Measurement mics, even though they’re omni-directional, show _directional_ characteristics at higher frequencies. As a result, off-axis upper-frequency response droops rather drastically. And that’s exactly what you have with vertical (90º) orientation: the mic element is severely off-axis from the primary signal source – the speaker. It’s not unusual for response to start sagging at 2 kHz.









*Common Off-Axis High Frequency Response of a Measurement Mic*​

Of course, when you use vertical orientation for the measurement mic, you want to use the appropriate calibration file, which compensates for the natural off-axis high-frequency loss. The calibration file allows vertical mic orientation to measure the same with as it would with the mic aimed more conventionally - horizontal and pointed directly at the speaker.

However, the same calibration that renders off-axis response flat also _boosts_ on-axis response: If you use a vertical-orientation calibration file and aim the mic at the speaker, your measurement will show an erroneous rise in high frequency response. What this means for a vertical mic orientation is that a measurement can actually give _preference_ to the reflected sound over the direct signal from the speaker.

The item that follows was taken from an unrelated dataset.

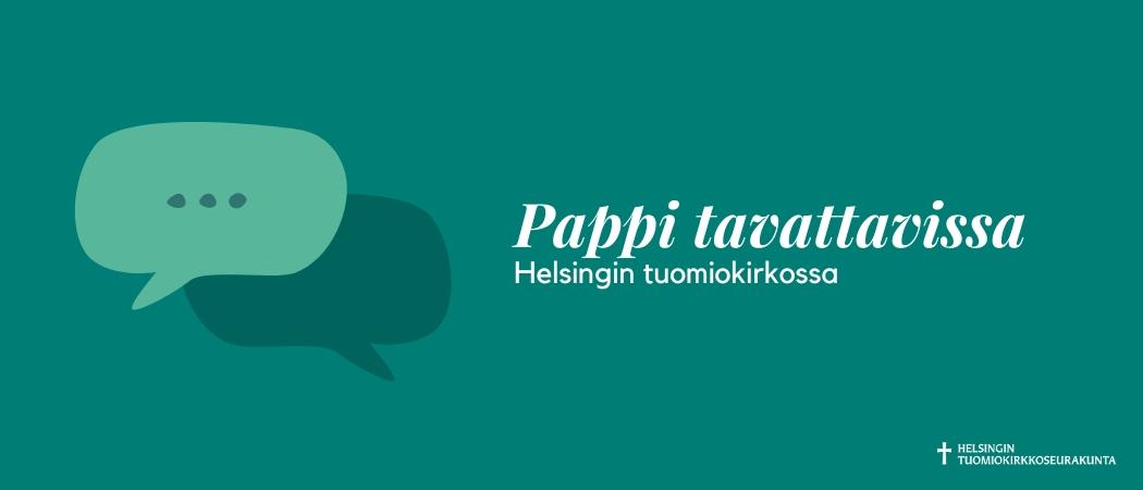 Tule juttelemaan Tuomiokirkon seurakunnan papin kanssa luottamuksellisesti Tuomiokirkkoon torstaisin klo 15-17 elämän suurista tai pienistä asioista, huolista tai iloista. Tapaamisen yhteydessä mahdollisuus myös rippiin ja yksityiseen ehtoollisenviettoon. Muistathan myös, että voit varata tapaamisajan esimerkiksi päivystyspuhelimemme kautta: soita 09 23406102 (joka päivä klo 9-18).

For example, using the graph above as an example of the mic’s off-axis response: Let’s say your room has poor high frequency absorption, and the sound reflecting off the ceiling is attenuated only a couple dB at 8-12 kHz when it arrives - essentially on-axis - at the vertically-oriented measurement mic. The 90º calibration file has boosted on-axis response by 5 dB or more in the 8-12 kHz range. This means the measurement platform (REW, Audyssey, Smaart, etc.) will see the reflected signal as 3 dB hotter than the direct signal. The mic can’t tell a direct signal from reflected; it’s only going to “see” the one with the higher SPL. So an auto-EQ program will adjust response accordingly, ratcheting down response in that region.







​

So, if your room / ceiling situation is such that you get strong reflected sound at the mic location, then naturally the reflections are going to have more influence on the frequency response measurement if you utilize a vertical mic orientation, than they would in a room where the reflected sound is better absorbed, diffused or directed away from the measurement mic.

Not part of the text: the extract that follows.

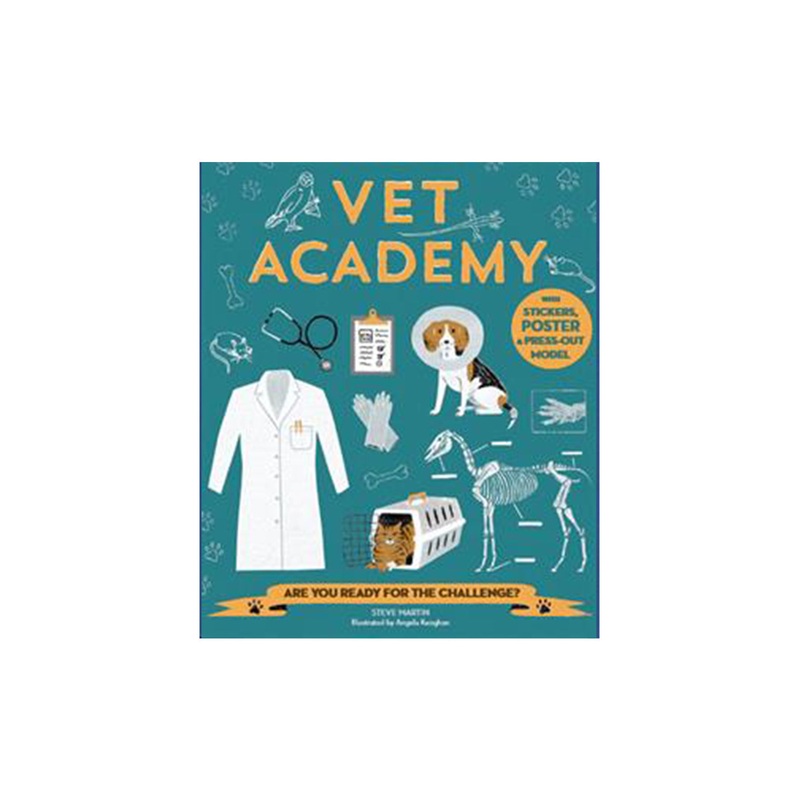 Packed full of fun, educational activities, Vet Academy lets children explore life as a veterinarian, from the rigorous training involved in learning about different kinds of animals to the importance of food, exercise and conservation. The book is broken up into sections — Pet Vet, Zoo Vet, and Farm Vet — and each section includes arts and crafts, puzzles and quizzes, plus tasks and missions. Everything from learning about dog body language to a day in the life of a zoo elephant (and her vet), to farm vet hygiene its all in here. Plus, theres also a pull-out poster, game, cards and sticker sheets to add to the interactive fun.Series: Academy SeriesThe academy series features activities, cool quizzes, and super skill tests. Stickers, model, poster, and games included. Whimsical art and creative fun for anywhere!

I realize the above is a bit simplistic and based on a certain amount of assumption, but hopefully you can see how 90 º mic orientations can foul up an auto EQ or even a manual EQ process. For more on mic orientation, see here and here.

More specifically regarding to your question about measurement and equalization techniques, I assume you have ample EQ capabilities with your Driverack. The best approach is pretty simple: measure each main-channel speaker independently, and equalize each as needed. Alternately, you could take measurements of each speaker from more than one listening location EQ based on and average.

You can certainly take a combined-response reading, but as an FYI only. You certainly don’t want to do any kind of global EQ from a combined measurement. If there’s a peak in response somewhere it’s probably coming from a specific speaker. Global EQ would address the issue in the problem speaker, but it will also unnecessarily kill the same frequencies in the speakers that aren’t exhibiting the problem.

Naturally, subwoofer response is addressed separately from the main channels. If you have multiple subs, measure and EQ combined response. That seems to be the best and most effective approach. Many people find that separate EQing of multiple subs is an exercise in frustration: When you get response looking good in each individual sub, it’s often totally whacked when you take a combined reading.

Regards,
Wayne


----------



## Omega (Apr 21, 2010)

Thank you Wayne, very informative I need to re-measure my system based on your recomendation


----------



## Jonas_h (Jan 7, 2009)

Thanks for the responses! I've been a little busy with experimenting with the techniques at hand, and if you're interested, I will describe my discovery.

As I wrote, I have been using Audyssey Pro for a while, but felt like something was "missing" when it had done its work.. Punch and that "slam" and full sound, and the fact that I dont know exactly what Audyssey is doing, is messing up my mind!

I have always been a fan of the "keep it simple" rule, which for me, is applying the least amount of filters to sort out the issues the room might have. (My room has very good acoustics with an absorbing ceiling and absorbers placed around the room). I used REW for the measurements and filter generation.

I first set the X-over for the sub on my processor and measured and EQ'ed it by using the filters generated by REW.

The raw sub measurement and the filters generated by REW:









After applying the filters and re-measuring:








Very nice result in my opinion!

I then measured the LCR's (individually of course) with the sub still playing. This was to ensure a good integration to the sub. Raw measuremetn and filters:









Filters applied and re-measuring:









A comparison of the before and after measurement:









I am extremely happy with the graphs. They measure much better than what Audyssey did to my system.

And the listening impressions: Its amazing! All the things that I thought was wrong with what Audyssey did, is now completely gone, and all the things that were wrong prior to any calibration, is now gone too. I am really amazed by the power of REW and PEQ filters. (I used a maximum of 13 per channel).

Just wanted to share my results!


----------